Pernyataan serupa diulang kembali paskapengesahan RKUHP di rapat paripurna DPR, Selasa (6/12/2022). Yasonna menanggapi berbagai keberatan yang disampaikan masyarakat sipil yang menengarai masih adanya pasal-pasal bermasalah di RKUHP yang disahkan.
Lihat juga: Wamenkumham Jawab Kegaduhan Pengesahan RKUHP | Back To BDM Bersama Edward Omar Sharif Hiariej

Yasonna H Laoly
”Dalam RKUHP ini, banyak yang sudah reformatif dan bagus Kalau ada perbedaan sedikit, nanti kalau sudah disahkan, gugat saja di MK (Mahkamah Konstitusi). Itu mekanisme konstitusional,” ujar Yasonna.
Begitu pula dengan anggota DPR. Para pembentuk undang-undang akhirnya menggeser permasalahan yang tidak berhasil dikompromikan dalam satu rumusan aturan tersebut ke MK.
Lontaran-lontaran pernyataan seperti itu dicatat kalangan masyarakat sipil sudah dilakukan sejak tahun 2019 ketika pemerintah dan DPR merevisi Undang-Undang Komisi Pemberantasan Korupsi. Hal itu pun diikuti dengan sejumlah produk legislasi, seperti UU Minerba, UU Cipta Kerja, UU Mahkamah Konstitusi, dan UU Pembentukan Peraturan Perundang-undangan.
Para pembentuk undang-undang akhirnya menggeser permasalahan yang tidak berhasil dikompromikan dalam satu rumusan aturan tersebut ke MK.
Pakar hukum tata negara, Bivitri Susanti, mengungkapkan, pembuat undang-undang selalu saja melontarkan ”kalau tidak setuju, bawa saja ke MK” jika terdapat keberatan dari kalangan masyarakat terhadap produk yang mereka hasilkan.

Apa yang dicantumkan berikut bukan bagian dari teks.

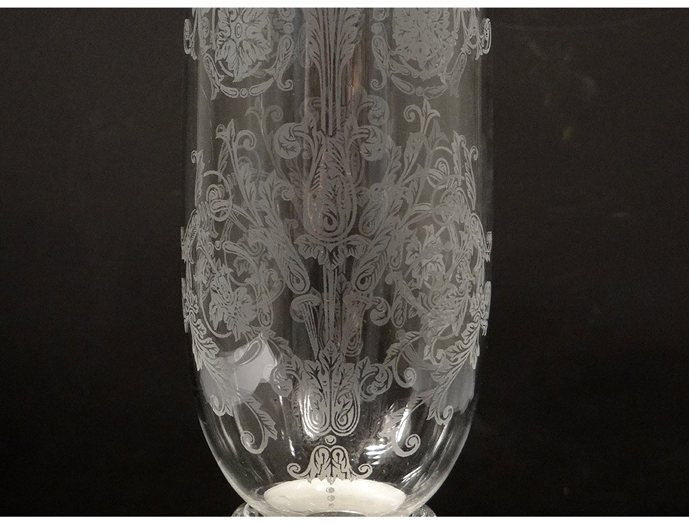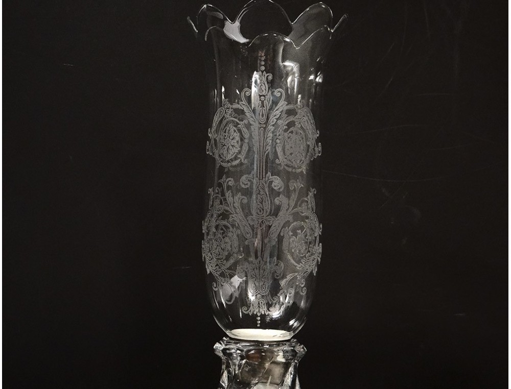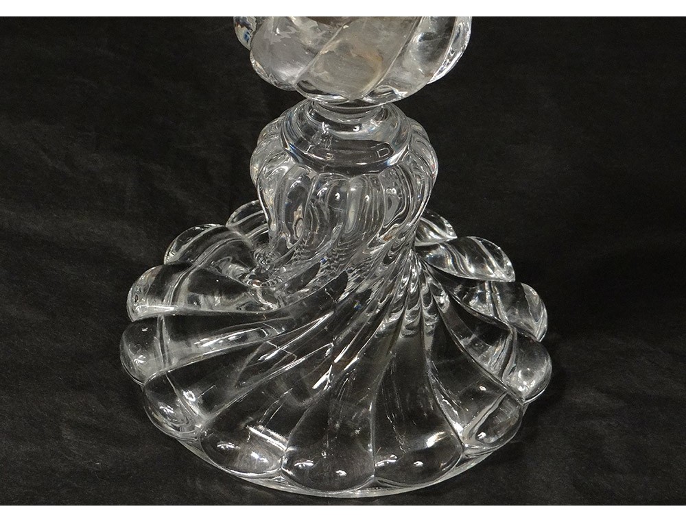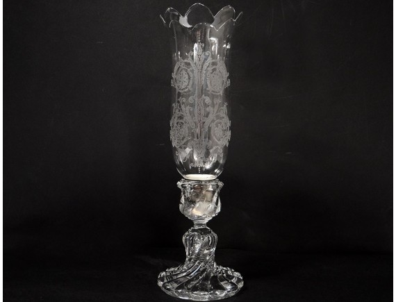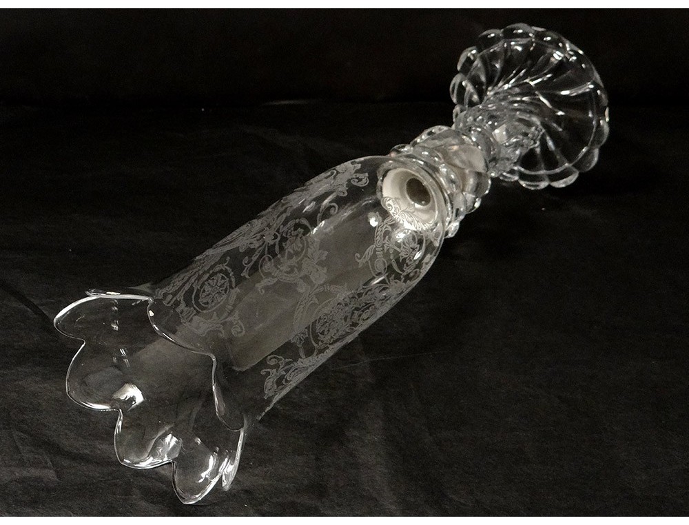 Crystal tealight signed Baccarat France, bamboo pattern, horn engraved with plant arabesques, twisted foot, vintage twentieth century.

Ungkapan semacam itu seakan-akan memosisikan MK sebagai keranjang sampah.
“Jadi, mereka boleh saja membuat (undang-undang) asal-asalan, terus nanti MK yang menjadi keranjang sampahnya. Saya kira cara pandang seperti ini sangat keliru di dalam negara hukum. Karena dalam negara hukum, pergi ke MK bukan sebuah upaya hukum normal. Jangan diandaikan itu normal. (Pergi ke MK) Ibaratnya upaya hukum yang luar biasa,” kata Bivitri.
Baca juga: Buka Ruang Partisipasi untuk Mengubah Pasal Ancaman Kemerdekaan Pers

Bivitri Susanti, pengajar hukum tata negara dari Sekolah Tinggi Ilmu Hukum Jentera, saat menyampaikan pendapatnya tentang hasil pilihan panitia seleksi calon pimpinan KPK di kantor Pusat Kajian Anti Korupsi UGM, Yogyakarta, Rabu (28/8/2019).

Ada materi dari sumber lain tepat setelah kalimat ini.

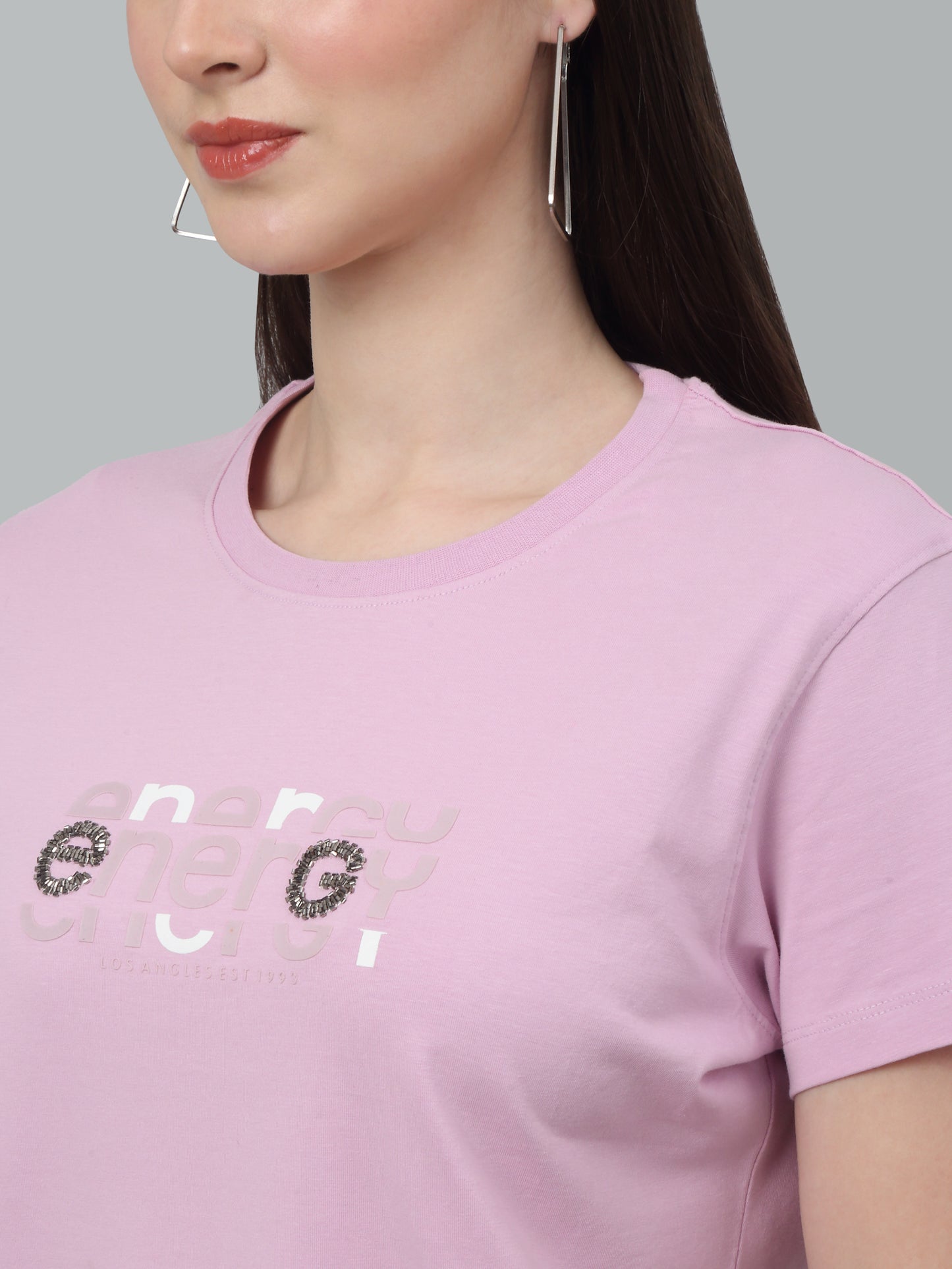 Women's Casual Regular Short Sleeve Lilac Round neck Bead work & Print T-Shirt

Padahal, proses legislasi di DPR seharusnya dilakukan secara maksimal. Lontaran pernyataan ”kalau tidak setuju, bawa saja ke MK” yang terus berulang-ulang disampaikan hanya menunjukkan arogansi pembentuk undang-undang. ”Dengan demikian, seakan-akan seberapa buruk kinerja mereka, pokoknya kalau sudah diketok, maka Anda harus terima. Kalau tidak, silakan bawa ke ’keranjang sampah’,” kata Bivitri mengkritik.

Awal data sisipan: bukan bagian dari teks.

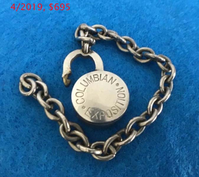 .815″ high x .560″ wide x .210″ deep. All brass. Nickel plated finish. The lock opens by inserting a pin on the side of the body. Commemorates the 400th Anniversary of Columbus Discovering America. “The World’s Columbian Exposition” was the title of the 1893 Chicago Illinois World’s Fair. We believe the watch fob was sold seperatly.Patent # 373218.

Berdasarkan catatan Kompas, sejak 2019 ada kecenderungan produk legislasi DPR dan pemerintah selalu dibawa ke MK begitu disahkan. Misalnya, Undang-Undang Nomor 19 Tahun 2019 tentang Komisi Pemberantasan Korupsi, UU No 3/2020 tentang Minerba yang diuji langsung di uji formil dan materiil begitu diundangkan (4 perkara), UU No 7/2020 tentang MK yang dibahas dalam waktu lima hari yang juga diuji formil/materiil (6 perkara), UU No 11/2020 tentang Cipta Kerja yang hingga kini sudah diuji hingga 16 kali, UU No 3/2022 tentang Ibu Kota Negara yang sudah dimintakan uji formil dan materiil (10 perkara). Selain undang-undang tersebut, ada pula pengujian UU No 2/2021 tentang Otonomi Khusus Papua, UU No 14/2022 tentang Pembentukan Provinsi Papua Selatan, UU No 13/2022 tentang Pembentukan Peraturan Perundang-undangan.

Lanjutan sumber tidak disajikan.